Así empieza Contagio, la nueva película de Steven Soderbergh: a una velocidad que va tanto o más rápido que la pandemia de la que se ocupa. La idea, claramente, es poner al espectador en la misma situación en la que están aquellos –médicos, científicos, agencias de seguridad– que deben frenar el brote: corriendo siempre de atrás, perdiendo por varios cuerpos (literalmente) la carrera contra ese virus que parece peor que el SARS y el H1N1 juntos.

El guionista Scott Z. Burns (el mismo de Bourne: el ultimátum) sabe cómo encadenar situaciones, personajes y lugares disímiles de forma tal que vayan tejiendo una red apretada y compacta, de esas de las que no es fácil liberarse. Aquí incluso, a diferencia de lo que sucede en la saga Bourne, Burns no requiere siquiera de la suspensión de la incredulidad: las pandemias de las gripes porcina y aviar están demasiado frescas en la memoria de todo el mundo como para no aceptar como cierto o posible un brote similar, o aún peor. Y de acuerdo con las denuncias que se dispararon en su momento a raíz del rédito que habrían sacado algunos grandes laboratorios internacionales con la producción de las vacunas, tampoco cuesta demasiado imaginar el negocio que puede esconderse detrás. “Donde hay una necesidad, nace una oportunidad”, pronuncia alguien en Contagio.

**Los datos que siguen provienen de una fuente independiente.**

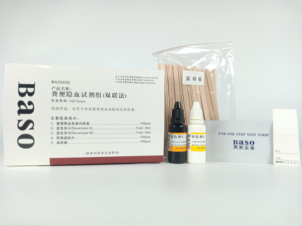 在本雙聯(lián)法試劑組中,BaSO獨(dú)有的化學(xué)法隱血試劑系利用特殊的Pyramidon配方當(dāng)作呈色指示劑,在酸及H2O2的作用下,與血紅蛋白作用,產(chǎn)生紫藍(lán) 紫紅的顏色(可據(jù)此進(jìn)行半定量)。Pyramidon在藥劑學(xué)上早期常被用于鎮(zhèn)痛解熱口服劑,因此它的安全性無(wú)庸置疑。試劑組中的免疫法為糞便隱血免疫試紙條,其采用的是雙抗體夾心法試劑,試劑含有被事先固定于膜上測(cè)試線(T)的抗血紅蛋白抗體和對(duì)照線(C)的相應(yīng)抗體。本糞便隱血雙聯(lián)法試劑綜合了二種試劑檢測(cè)方法的優(yōu)點(diǎn),可提高臨床對(duì)糞便隱血檢體的陽(yáng)性檢出率,讓醫(yī)師取得較準(zhǔn)確的結(jié)果數(shù)據(jù)。尤其是利用BaSO化學(xué)法試劑能對(duì)糞便隱血進(jìn)行半定量評(píng)判的特點(diǎn),有利臨床對(duì)病人治療結(jié)果的追蹤和觀察、科學(xué)的指導(dǎo)用藥,故BaSO糞便隱血試劑組(雙聯(lián)法)是目前較先進(jìn)的糞便隱血檢測(cè)試劑盒。

A su vez, Soderbergh –quien ya había trabajado con un libreto de Burns en El desinformante– tiene el pulso justo para este tipo de historias. La cámara, que él mismo opera (muchas veces al hombro), consigue ubicarse siempre en el centro mismo de la escena, como si registrara todo en tiempo presente, vibrando a la par de sus personajes. O de sus microscopios: la sucesión de planos-detalle hace que allí donde hay manos, vasos o manijas, uno sólo vea bacterias.

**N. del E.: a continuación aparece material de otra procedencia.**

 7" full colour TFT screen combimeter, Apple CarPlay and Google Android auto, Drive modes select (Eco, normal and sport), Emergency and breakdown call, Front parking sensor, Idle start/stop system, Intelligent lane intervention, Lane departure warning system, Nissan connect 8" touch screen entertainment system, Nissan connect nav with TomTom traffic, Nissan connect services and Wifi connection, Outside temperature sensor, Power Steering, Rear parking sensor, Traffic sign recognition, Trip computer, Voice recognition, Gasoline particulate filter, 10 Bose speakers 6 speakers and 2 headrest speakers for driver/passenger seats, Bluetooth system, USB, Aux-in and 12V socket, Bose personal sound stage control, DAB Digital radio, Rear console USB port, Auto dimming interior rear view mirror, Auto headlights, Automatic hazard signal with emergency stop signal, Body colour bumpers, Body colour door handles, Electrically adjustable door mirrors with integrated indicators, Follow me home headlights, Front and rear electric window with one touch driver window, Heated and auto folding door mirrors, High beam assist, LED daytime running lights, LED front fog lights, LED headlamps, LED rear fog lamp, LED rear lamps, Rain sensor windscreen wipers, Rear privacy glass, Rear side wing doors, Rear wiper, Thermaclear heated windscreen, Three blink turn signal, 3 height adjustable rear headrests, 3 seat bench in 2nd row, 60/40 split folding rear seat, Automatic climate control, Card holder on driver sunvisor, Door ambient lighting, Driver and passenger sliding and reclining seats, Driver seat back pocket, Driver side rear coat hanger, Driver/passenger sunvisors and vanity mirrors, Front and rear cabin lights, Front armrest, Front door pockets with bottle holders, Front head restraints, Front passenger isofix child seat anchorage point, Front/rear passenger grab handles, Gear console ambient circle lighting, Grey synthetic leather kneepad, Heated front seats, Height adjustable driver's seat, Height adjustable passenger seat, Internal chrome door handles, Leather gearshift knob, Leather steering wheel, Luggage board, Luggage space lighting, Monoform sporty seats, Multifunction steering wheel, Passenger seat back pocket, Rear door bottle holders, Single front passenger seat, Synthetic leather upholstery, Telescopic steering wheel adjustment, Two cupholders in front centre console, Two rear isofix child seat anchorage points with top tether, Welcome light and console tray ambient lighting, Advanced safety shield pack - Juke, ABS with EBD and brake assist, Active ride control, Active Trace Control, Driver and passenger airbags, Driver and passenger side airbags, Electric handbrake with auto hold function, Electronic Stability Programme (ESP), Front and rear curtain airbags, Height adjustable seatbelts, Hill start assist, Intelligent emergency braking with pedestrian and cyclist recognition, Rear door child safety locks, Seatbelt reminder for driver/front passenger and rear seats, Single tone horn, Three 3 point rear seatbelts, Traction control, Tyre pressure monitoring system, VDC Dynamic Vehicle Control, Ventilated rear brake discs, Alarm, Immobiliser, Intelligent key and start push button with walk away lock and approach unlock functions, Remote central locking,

El montaje, a su vez, es vertiginoso: no hay tiempo de reflexionar, sólo de actuar, parece decir la película, mientras Kate Winslet organiza la evacuación de toda una ciudad, Elliot Gould analiza compuestos para crear una vacuna, Marion Cotillard investiga el origen del virus en Asia y Laurence Fishburne sale corriendo de su despacho para una reunión de emergencia con los altos mandos de la seguridad estadounidense. “¿Y si alguien hubiera iniciado una guerra bacteriológica?”, pregunta un general entorchado de condecoraciones. A lo que el científico le responde: “No es necesario, los cerdos ya lo han hecho”.

En determinado momento, sin embargo, todo ese vértigo empieza a cansar. Así como al comienzo es difícil sustraerse a la atracción que genera no sólo la dinámica del film, sino también su premisa, pasada la mitad de sus 106 minutos algo comienza a fallar en el mecanismo, como si la narración fuera un ciclista pedaleando en el vacío. Lo que la película tenía para decir ya lo dijo, y muy bien, en sus primeros tramos, cuando la paranoia se expande más rápido que el virus. Pero luego, o bien se repite, o bien incorpora –como en el viejo cine catástrofe– algunas situaciones que pretenden mostrar la escala humana de sus personajes. Hay héroes (Matt Damon) y hay villanos (Jude Law), aunque Soderbergh se las ingenia para conseguir, dentro de lo posible, alguna escala de grises entre medio.

El determinismo de la brillante secuencia final –que se retrotrae al día uno de la pandemia, con su implacable cadena de causas y efectos– hace sospechar que Contagio pudo haber sido mejor película de la que es. Se extraña esa síntesis de la que es capaz en su epílogo y que parece incompatible con el rosario de rutilantes nombres propios que pueblan su elenco.